**EXERCISE INSTRUCTIONS:** With pictures removed, print the listing exactly.
EXERCISE INPUT section start
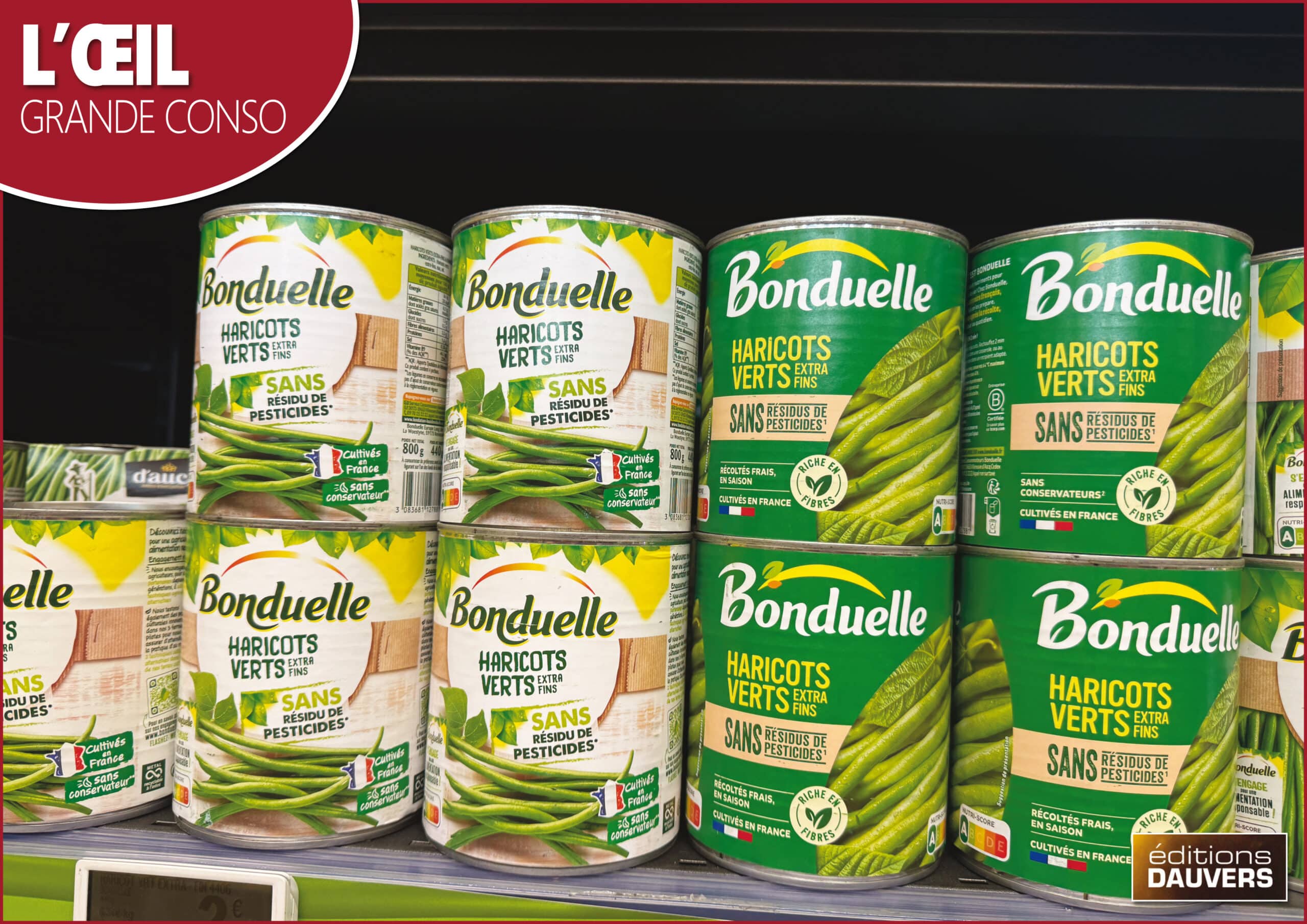 C’est en cours dans les rayons : l’arrivée des nouveaux packs Bonduelle. Et une différence majeure, évidente même. L’impact visuel par l’arrivée d’un aplat de couleur (façon Coca-Cola). Et pas n’importe quelle couleur : le vert. C’est une façon de se l’approprier. Et comme le vert est le symbole du végétal, ça n’est évidemment pas qu’un hasard 😉 Pour les curieux, les profs de marketing ou leurs élèves, j’vous ai préparé un p’tit avant/après.
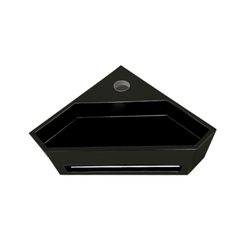 Deze mat zwarte Silara hoekfontein geeft je toiletruimte een krachtige, moderne uitstraling. De driehoekige vorm van 35 x 35 cm past netjes in de hoek en bespaart ruimte. Ideaal voor een klein toilet of als je een strak interieur hebt. Onder de fontein zit een geïntegreerde handdoekhouder, zodat je handdoek altijd binnen handbereik hangt. Het oppervlak is gemaakt van solid surface: een sterk composiet dat goed bestand is tegen vocht, krassen en vlekken. Je hoeft geen waste te plaatsen. De afvoer loopt af, zodat water vanzelf wegloopt. De fontein heeft een kraangat in het midden. Je kiest dus zelf welke kraan en sifon je erbij combineert. Bevestiging is hangend, plugbouten zijn niet inbegrepen.
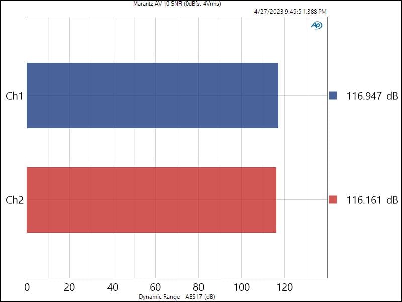 When I tested in the exact same test conditions of Marantz (0dBFS input, 4Vrms output), I confirmed their 116dB SNR measurement! I was able to get the same measurement with and without Pure Direct engaged.
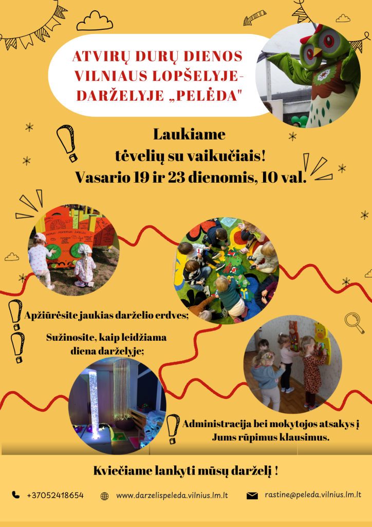 Kviečiame šeimas, auginančias mažylius ir dar neapsisprendusias dėl ugdymo įstaigos, vasario 19 ir 23 dienomis, 10 valandą į Atvirų durų dieną lopšelyje-darželyje „Pelėda“!
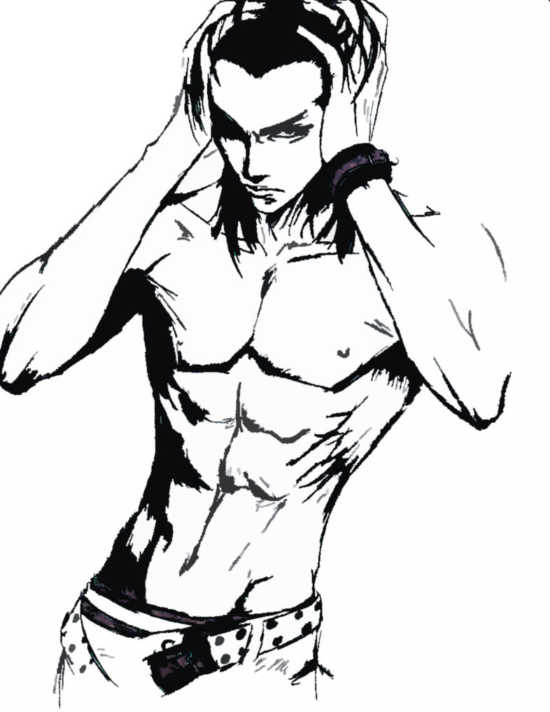 Description: A drawing of a man with his hands on his head and his shirt off.
EXERCISE INPUT section end
**ANSWER TO THIS PROBLEM:**
 C’est en cours dans les rayons : l’arrivée des nouveaux packs Bonduelle. Et une différence majeure, évidente même. L’impact visuel par l’arrivée d’un aplat de couleur (façon Coca-Cola). Et pas n’importe quelle couleur : le vert. C’est une façon de se l’approprier. Et comme le vert est le symbole du végétal, ça n’est évidemment pas qu’un hasard 😉 Pour les curieux, les profs de marketing ou leurs élèves, j’vous ai préparé un p’tit avant/après.
 Deze mat zwarte Silara hoekfontein geeft je toiletruimte een krachtige, moderne uitstraling. De driehoekige vorm van 35 x 35 cm past netjes in de hoek en bespaart ruimte. Ideaal voor een klein toilet of als je een strak interieur hebt. Onder de fontein zit een geïntegreerde handdoekhouder, zodat je handdoek altijd binnen handbereik hangt. Het oppervlak is gemaakt van solid surface: een sterk composiet dat goed bestand is tegen vocht, krassen en vlekken. Je hoeft geen waste te plaatsen. De afvoer loopt af, zodat water vanzelf wegloopt. De fontein heeft een kraangat in het midden. Je kiest dus zelf welke kraan en sifon je erbij combineert. Bevestiging is hangend, plugbouten zijn niet inbegrepen.
 When I tested in the exact same test conditions of Marantz (0dBFS input, 4Vrms output), I confirmed their 116dB SNR measurement! I was able to get the same measurement with and without Pure Direct engaged.
 Kviečiame šeimas, auginančias mažylius ir dar neapsisprendusias dėl ugdymo įstaigos, vasario 19 ir 23 dienomis, 10 valandą į Atvirų durų dieną lopšelyje-darželyje „Pelėda“!
 Description: A drawing of a man with his hands on his head and his shirt off.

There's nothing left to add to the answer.